__What the task asks__
Starting at the first line of the listing below, repeat each line exactly until you have repeated the one containing "De arm van de"; skip the pictures.

__Data below__
::::

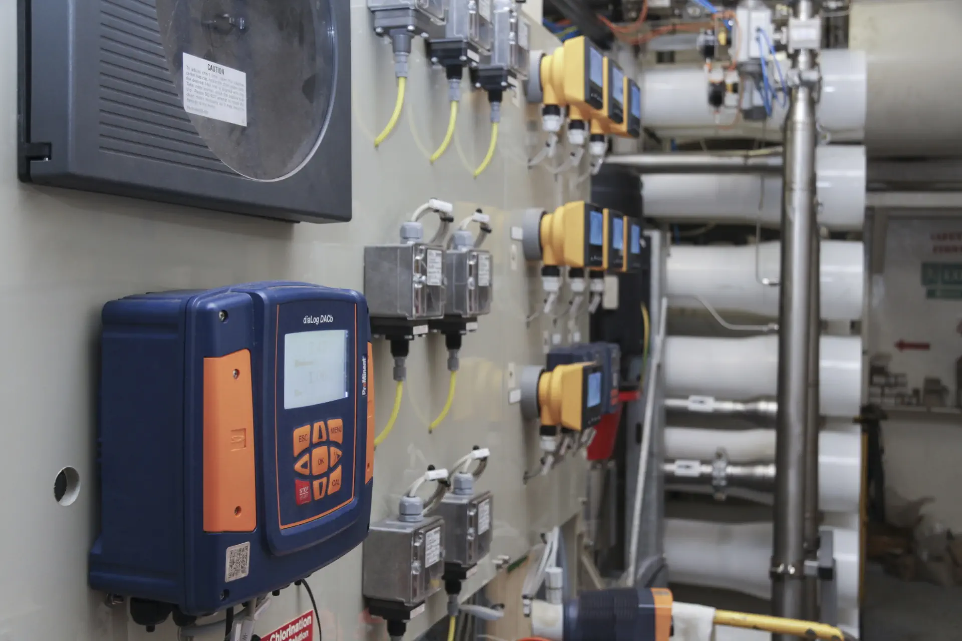With the mineralization plant, calcium and chlorine are added to the water in a fully automatically controlled manner and the pH value is adjusted. The product water thus complies with the relevant WHO and USPH regulations. The quality is permanently measured with online analysis technology and the data is recorded without gaps.
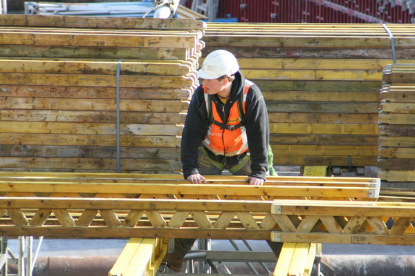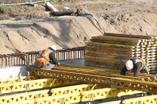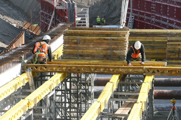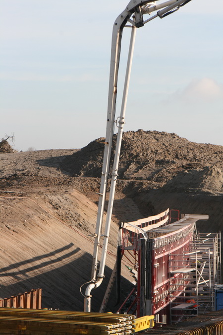 De arm van de betonpomp verdwijnt achter de dakconstructie van moot 4. Het beton is voor moot 3, vloer/plafond van het keldergedeelte. (Plafond van de waterkelder, vloer van de tunnel…)
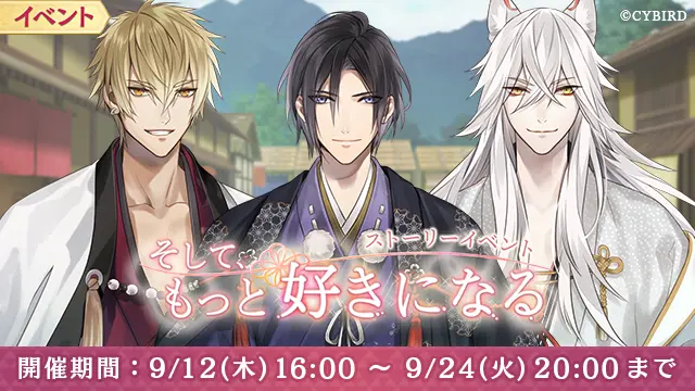 TOPページタイトル紹介イケメン源氏伝 あやかし恋えにしNewsお知らせアプリ内初のストーリーイベント「そして、もっと好きになる」を開催! 2019/09/12 アプリ内初のストーリーイベント「そして、もっと好きになる」を開催! 「イケメン源氏伝 あやかし恋えにし」は、アプリ内初となるストーリーイベント「そして、もっと好きになる」を2019年9月12日(木)より開催します。 ◆ストーリーイベント「そして、もっと好きになる」とは 全3話構成で、物語券を消費せずにストーリーを読むことができる期間限定のイベントです。 本ストーリーイベントでは、恋仲になったばかりの源頼朝・武蔵坊弁慶・玉藻との甘いストーリーを期間限定でお読み頂けます。 ▲本イベント限定の特典アバターやカードも登場。是非ご参加ください! 開催期間:2019年9月12日(木)16:00~9月24日(火)20:00

::::

__Reply to the task__
With the mineralization plant, calcium and chlorine are added to the water in a fully automatically controlled manner and the pH value is adjusted. The product water thus complies with the relevant WHO and USPH regulations. The quality is permanently measured with online analysis technology and the data is recorded without gaps.
 De arm van de betonpomp verdwijnt achter de dakconstructie van moot 4. Het beton is voor moot 3, vloer/plafond van het keldergedeelte. (Plafond van de waterkelder, vloer van de tunnel…)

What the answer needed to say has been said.